• WHAT YOU HAVE TO DO: From the first line of the material through the line that holds "200Stk Micro Push", repeat each line exactly and skip any picture.

• SOURCE MATERIAL:
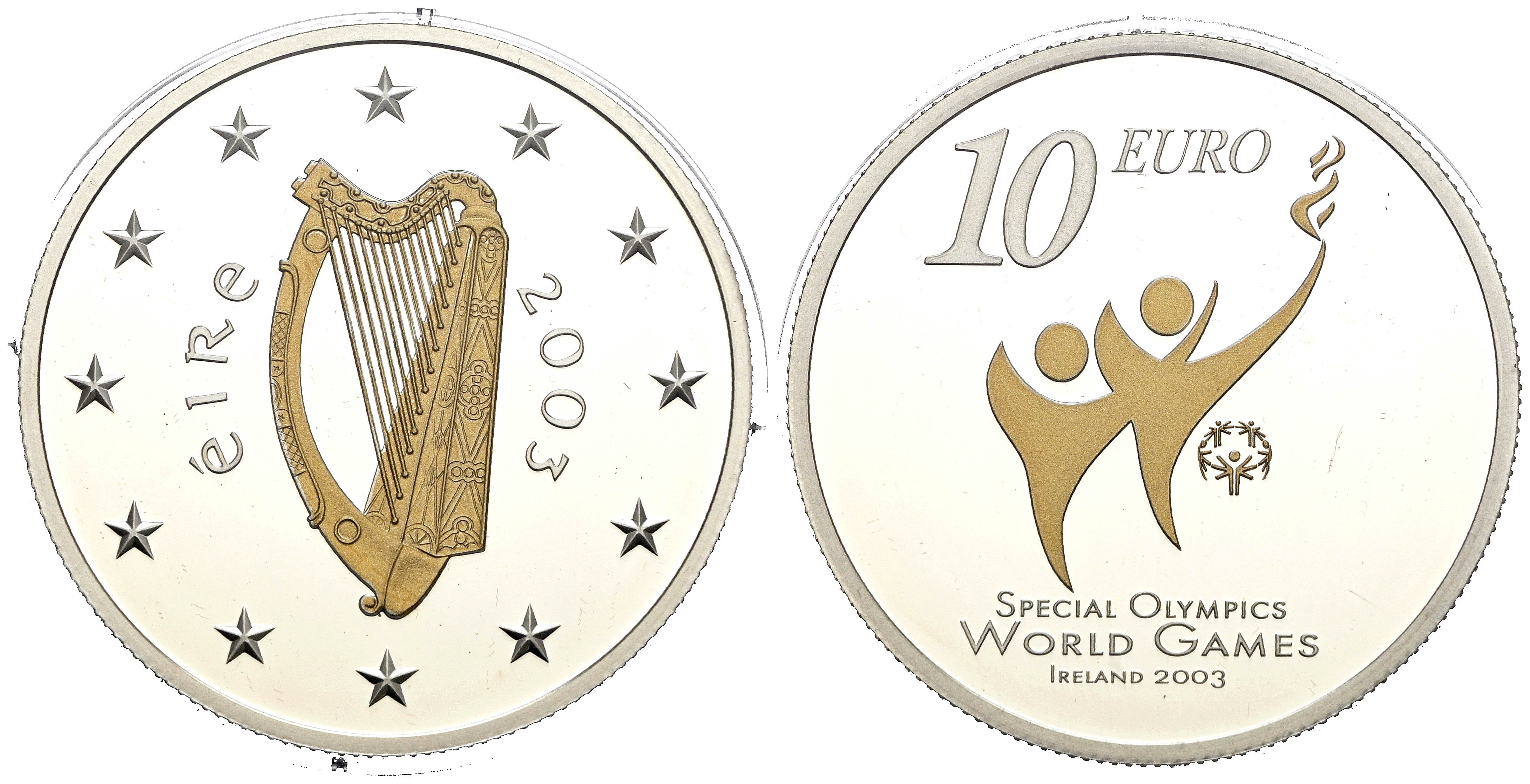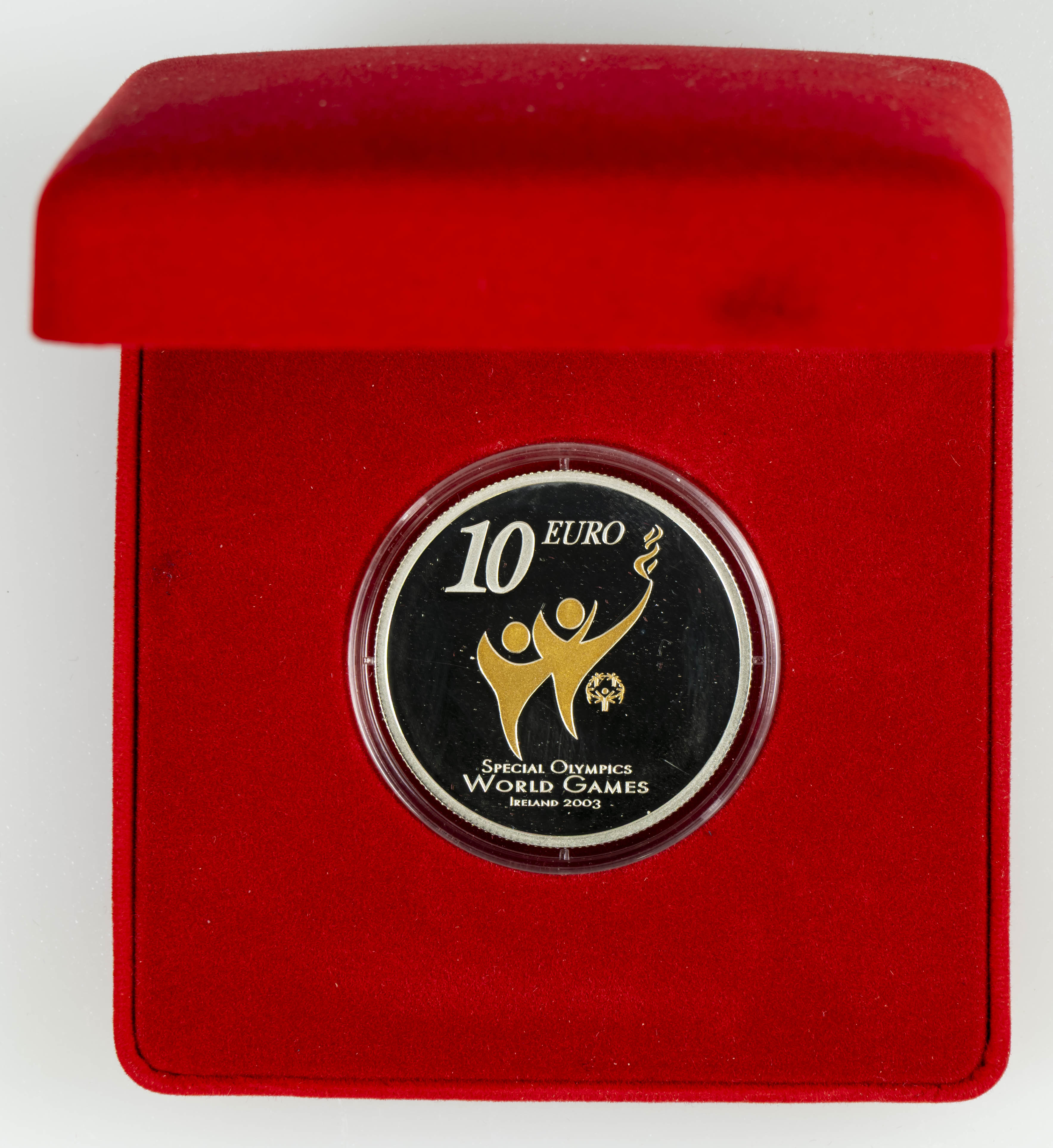 IRLANDA. 10 Euro (Ar. 28,28g/39mm). 2003. Special Olympic World Game. (Km#41). PROOF. Set completo incluyendo certificado de autenticidad.
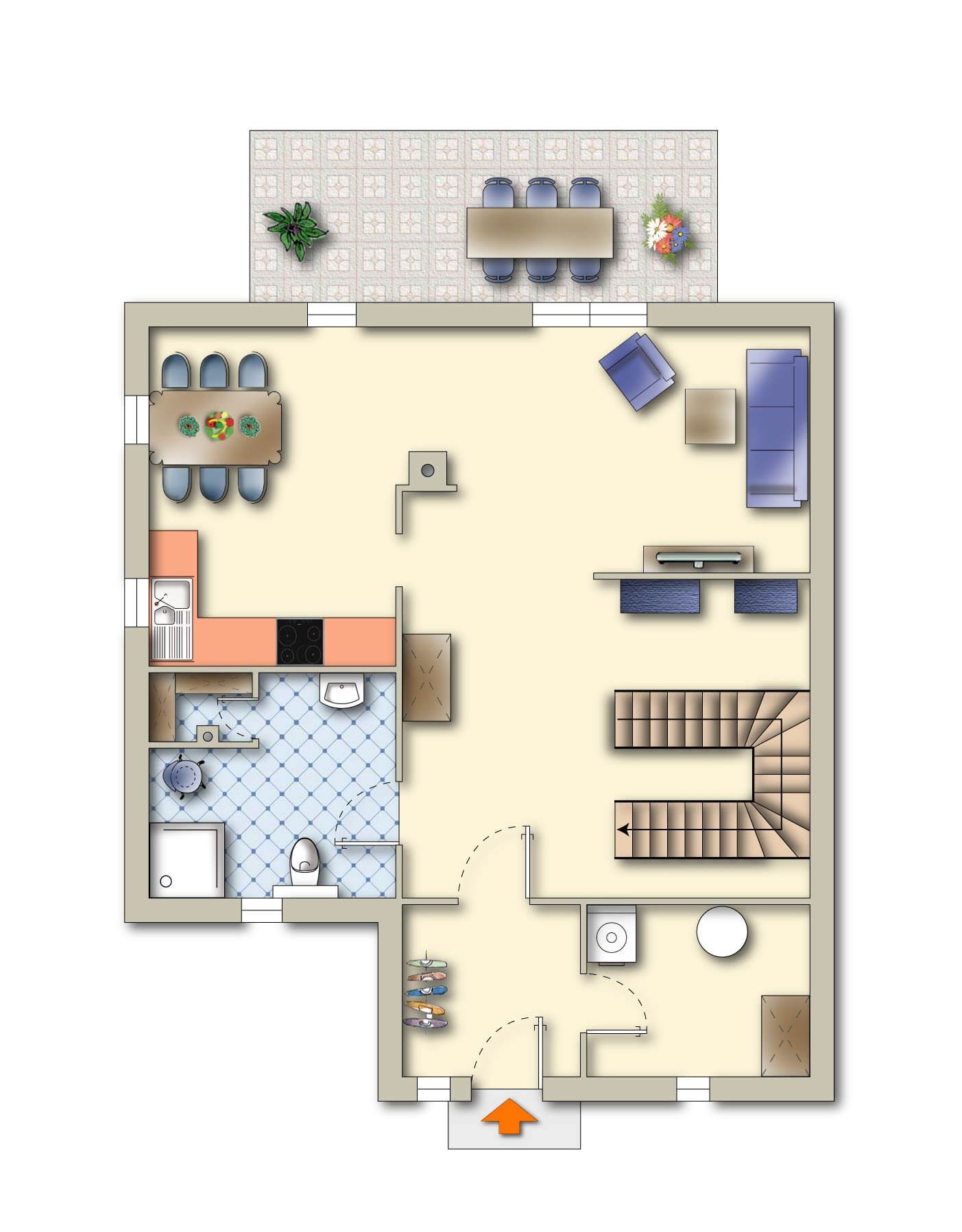 Vom Wohnzimmer gelangen Sie auf die gemütliche, möblierte Terrasse. Weiterhin befindet sich eine Sauna mit angeschlossenem Badezimmer im Erdgeschoss.
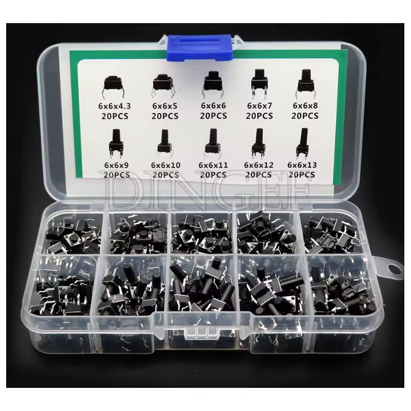 200Stk Micro Push Button Tactile Switch Sortiment in Box 6x6mm 10 Längen x 20 Stück
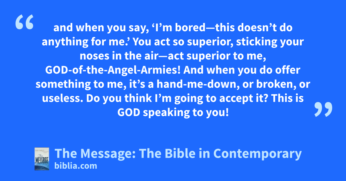 12–13 “All except you. Instead of honoring me, you profane me. You profane me when you say, ‘Worship is not important, and what we bring to worship is of no account,’ and when you say, ‘I’m bored—this doesn’t do anything for me.’ You act so superior, sticking your noses in the air—act superior to me, God-of-the-Angel-Armies! And when you do offer something to me, it’s a hand-me-down, or broken, or useless. Do you think I’m going to accept it? This is God speaking to you!
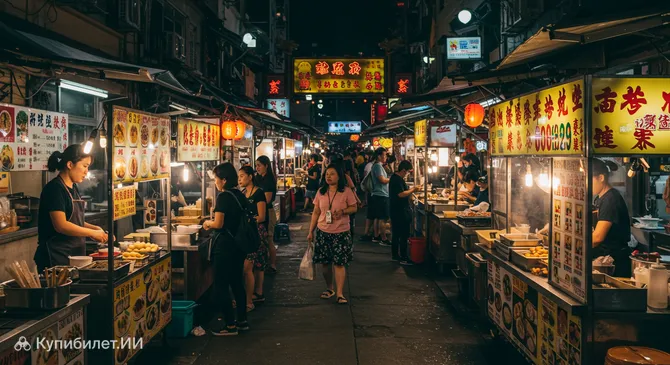 Ночные рынки являются неотъемлемой частью тайваньской культуры. Ночной рынок Гуангхуа не исключение: с заходом солнца его улицы преображаются, заполняясь бесчисленными торговыми палатками и киосками. Здесь можно найти всё – от одежды и сувениров до электроники и бытовых мелочей. Однако главной изюминкой, безусловно, является еда. Ароматы свежеприготовленных блюд смешиваются в воздухе, приглашая попробовать как традиционные тайваньские деликатесы, так и популярные азиатские закуски.
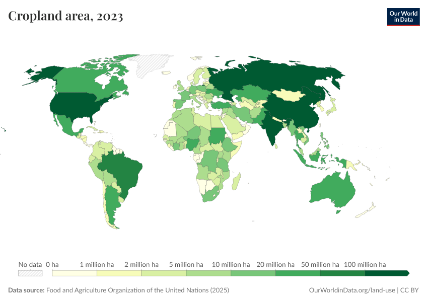 “Data Page: Cropland area”, part of the following publication: Hannah Ritchie, Pablo Rosado, and Max Roser (2023) - “Agricultural Production”. Data adapted from Food and Agriculture Organization of the United Nations. Retrieved from https://gfs-wave-2-new.owid.pages.dev:8789/20260304-094028/grapher/cropland-area.html [online resource] (archived on March 4, 2026).How to cite this data
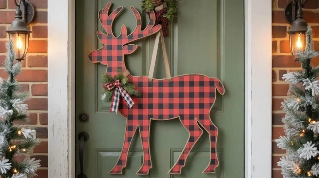 This hanger combines two of the most popular trends in holiday decor: buffalo check and the classic reindeer silhouette. It’s typically a wooden cutout of a reindeer head (often in profile), with the body filled in with a black-and-white or red-and-black buffalo check pattern. It’s the perfect marriage of rustic charm and modern graphic design.
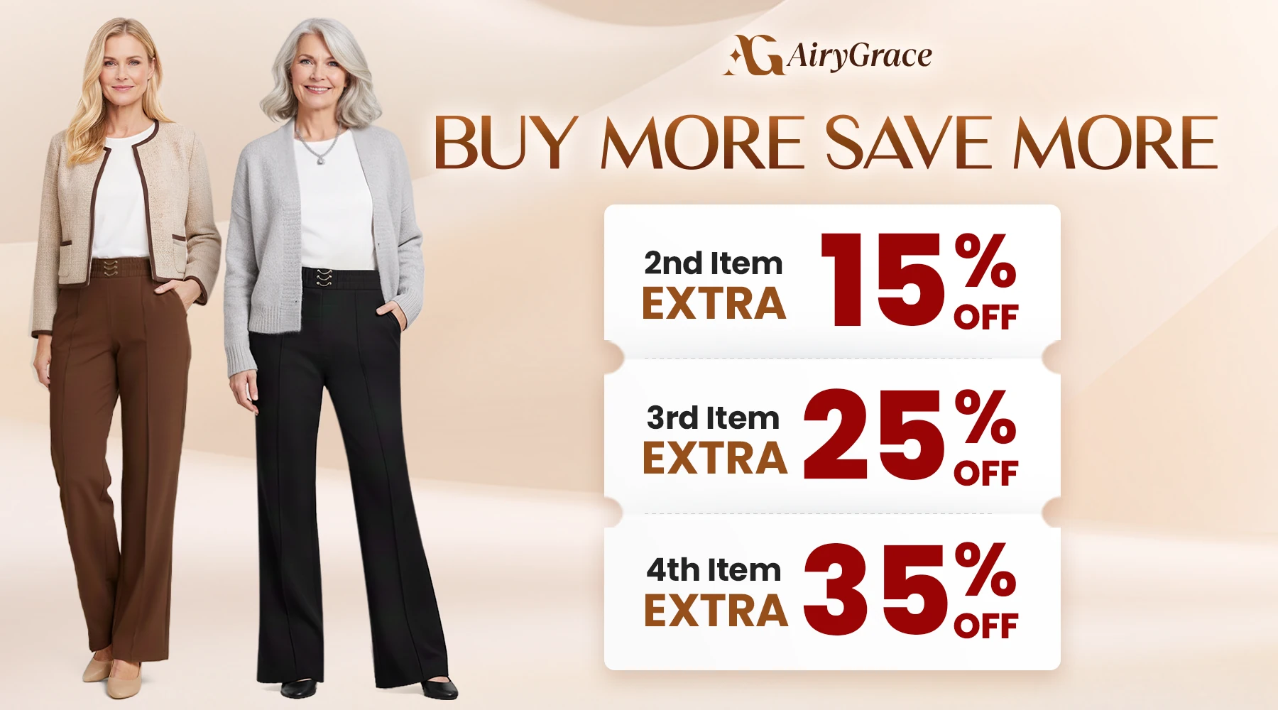 Grace doesn’t age—and neither should comfort. AiryGrace pants with silky-soft, breathable AirFlow® fabric and flexible stretch that never loses shape.
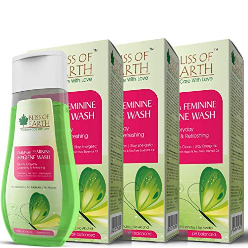 The woman of today is undoubtedly unstoppable! With a wide array of skincare hair care and body care products available at her disposal one product an indispensable one at that rarely makes it to her closet of skin essentials An effective gentle and au natural feminine intimate wash. Throw all your worries of facing discomfort itchiness rashes and what not with Bliss of EarthoFeminine Intimate Wash. Our composition boasts off splendid ingredients such as Bliss of Earth Alcohol-Free Witch Hazel Bliss of Earth Tea Tree Essential Oil all of which cleanse your intimate areas while being incredibly mild non-irritating and gentle all in one go! The presence of Bliss of EarthoTea Tree Essential Oil ensures that your intimate area gets skin benefits in galore. From keeping chances of developing fungal infections at bay to killing off any bacteria thanks to its anti-bacterial properties from easing any kind of skin inflammation to de-odorizing your groin keeping the fishy stench at bay Tea Tree Essential Oil is power-packed and spells only goodness for your skin! Bliss of EarthoFeminine Intimate Wash also ropes in an equally skin-loving ingredient Witch Hazel. Renowned for its ability to put the kibosh on bacterial infection besides expediting the process of healing of scars spots razor cut marks etc. Witch Hazel also helps skin in maintaining its elasticity. Goodness goodness and more goodness with a dash of gentility no wait actually loads of it wave adieu to discomfiting days when you had nothing to your intimate areaorescue now that a completely natural handmade and cruelty-free formulation is here! Motherly care in all the senses. Your intimate parts ideal pH level is maintained by this bottle of motherly goodness that keeps you as fresh as a daisy round the clock!
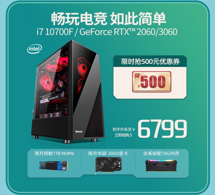 攀升十代i7 10700F/RTX2060/3060游戏主机>>购买链接
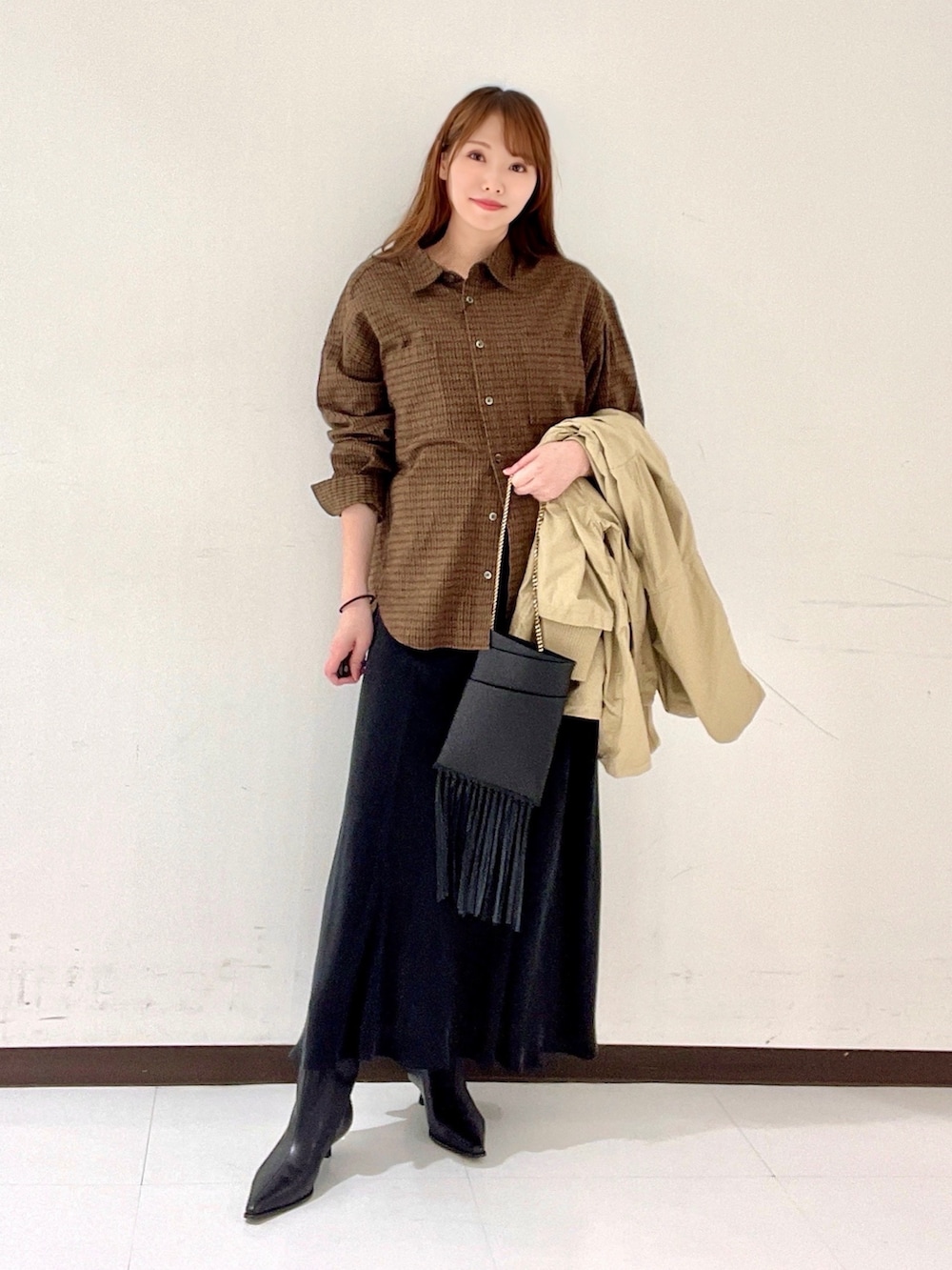 今回はシャツもアウターもカジュアル寄りだったので、アーバンリサーチ定番の細見えスカートを合わせてきれいめに寄せました☺️

• EXPECTED ANSWER:
 IRLANDA. 10 Euro (Ar. 28,28g/39mm). 2003. Special Olympic World Game. (Km#41). PROOF. Set completo incluyendo certificado de autenticidad.
 Vom Wohnzimmer gelangen Sie auf die gemütliche, möblierte Terrasse. Weiterhin befindet sich eine Sauna mit angeschlossenem Badezimmer im Erdgeschoss.
 200Stk Micro Push Button Tactile Switch Sortiment in Box 6x6mm 10 Längen x 20 Stück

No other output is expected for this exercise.